母子倆正吵的厲害,裘染推門走了進來,剛才她在外面都聽到了,尤其說到她的時候,她的心裡還是十分的失落。
但是,她知道,忠義侯府必然要跟皇家接親,才能走下去,否則,未來堪憂。
更何況,她要想接近皇室,有弟弟這層關係,想必更加容易。於是,便對忠義侯夫人道:“娘,我覺得弟弟說的不錯。現在不是我們選擇的時候,如今的局勢,我們已經別無選擇。我既然無緣皇室,那麼弟弟也得扛起我們忠義侯府的責任。”
忠義侯夫人向來聽女兒的,她看裘裘染語氣堅定,眼神剛毅,說實話是有些動搖了。
“可是,你弟弟……”
裘染說道:“只要他們成了婚,山高黃帝源,誰會知道,只要弟弟收斂一些就沒有問題。”
“可是,今日公主來,卻不要你弟弟跟著,這說明公主對你弟弟根本就不感興趣,只怕咱們有這個心,公主未必有意。”
裘染笑道:“所有的喜歡都是可以設計的,只要我們的計劃足夠周全,我保證讓公主喜歡上弟弟。”
忠義侯骨肉看裘染如此篤定,忍不住問:“你打算怎麼辦?”
“這就不勞孃親掛心了。我自有主意。娘只要等著好訊息就行。”
忠義侯夫人想了想,既然他們想試一試就讓他們試一試吧。就算公主不同意,他們到底也是盡力了。
於是,便點了點頭道:“既然如此,那你們就酌情去辦吧。只有一條,不能做太出格的事。”
“娘,你放心吧。我們也不是小孩子了。”
裘染帶著裘斐出來之後,便問裘斐:“你這肚子裡的色蟲又興奮了?”
裘斐不好意思的撓了撓頭道:“姐,我是真的挺喜歡公主的。”
“你知道什麼是喜歡嗎?看見個長得漂亮的,魂都沒了。”裘染數落裘斐,裘斐就那麼聽著,看裘染說的差不多了,裘斐才湊過去,賤兮兮的問:“姐,你說有辦法讓公主喜歡我,到底是什麼辦法啊?”
“自然是對付女人的辦法。”裘染對裘斐道,“痴女最怕纏郎,只要你足夠殷勤,且足夠堅持,我想任何女人都會被打動的。”
裘斐想了想,覺得不對:“公主現在心裡已經有人了,若是我無論怎麼做,她都不喜歡呢?”
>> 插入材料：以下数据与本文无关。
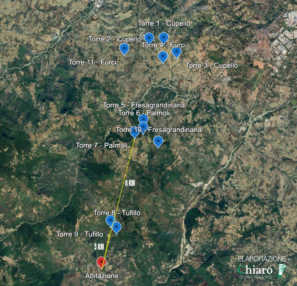 Il progetto citato è stato presentato al ministero dell’Ambiente e della sicurezza economica il 28 novembre 2023 (e non nel 2024) ed è ancora in fase di valutazione. Sono previste 11 torri eoliche, delle quali due in territorio di Palmoli: la più vicina di quelle palmolesi si trova a oltre 8 km dall’abitazione della famiglia Trevallion-Birmingham (altro che «coincidenza territoriale»). La distanza scende a circa 3 km se si prende in esame la torre eolica più vicina, in territorio di Tufillo.

裘染的眼神暗了暗,有些邪惡道:“那就只剩最後一招了。”
“什麼?”
“強暴了她。你知道要想得到一個女人的心,就一定要得到她的身體。這樣,她才會對你死心塌地。畢竟,她已經是你的人了,已經別無選擇。”
裘斐一愣,沒想到,姐姐竟然會想到這個主意。
不過,以他的經驗來看,的確如此。於是,便點了點頭道:“姐,我知道了。”
香荷園。
文殊公主已經很久沒來找沉香了,沉香覺得奇怪,於是便著人去打聽文殊公主這段時間在哪裡出沒。
訊息回來之後,倒讓沉香大吃一驚。
她沒想到,文殊公主竟然總是往忠義侯府跑,有時候不去,也會接裘染進宮。甚至有時候還帶著裘斐。
難道文殊公主移情別戀了?不可能啊。
這件事沉香還沒有搞清楚,另一**擊便襲來了。
小桃出門回來,拉住沉香說:“小姐,四小姐肚子裡的孩子不是假的嗎?可為什麼我今日在藥鋪碰見菊香,她手裡提的都是安胎之藥,還有手裡拿了不少的補品呢。”
“她或許是故意做給人看的,畢竟懷孕這件事裝的越像,就越不容易露出破綻。”
“不對,我看著一點也不像。”小桃對沉香道,“我看菊香遮遮掩掩的,好像並不想讓別人知道。而且齊賢王府裡什麼沒有,怎麼用勞煩菊香到外面去抓藥。我想四小姐肯定有什麼不對勁兒。我看,八成她真的懷了孩子。”
看小桃說的言之鑿鑿,沉香立刻便道:“走,備馬車,去齊賢王府。”
“小姐,您不是不想見七殿下嗎?”
“可是現在我已經顧不得那麼多了。”沉香現在一定要搞清楚那究竟是怎麼回事。
小桃知道這件事事關重大,所以也不再多說,立刻備了馬車,跟沉香一起來到了齊賢王府。
只是,兩人剛讓管家通報,就見一匹駿馬疾馳來,這高頭大馬上坐著一個人,這人分神俊朗英俊瀟灑,不是別人,正是多日不見的慕容祈。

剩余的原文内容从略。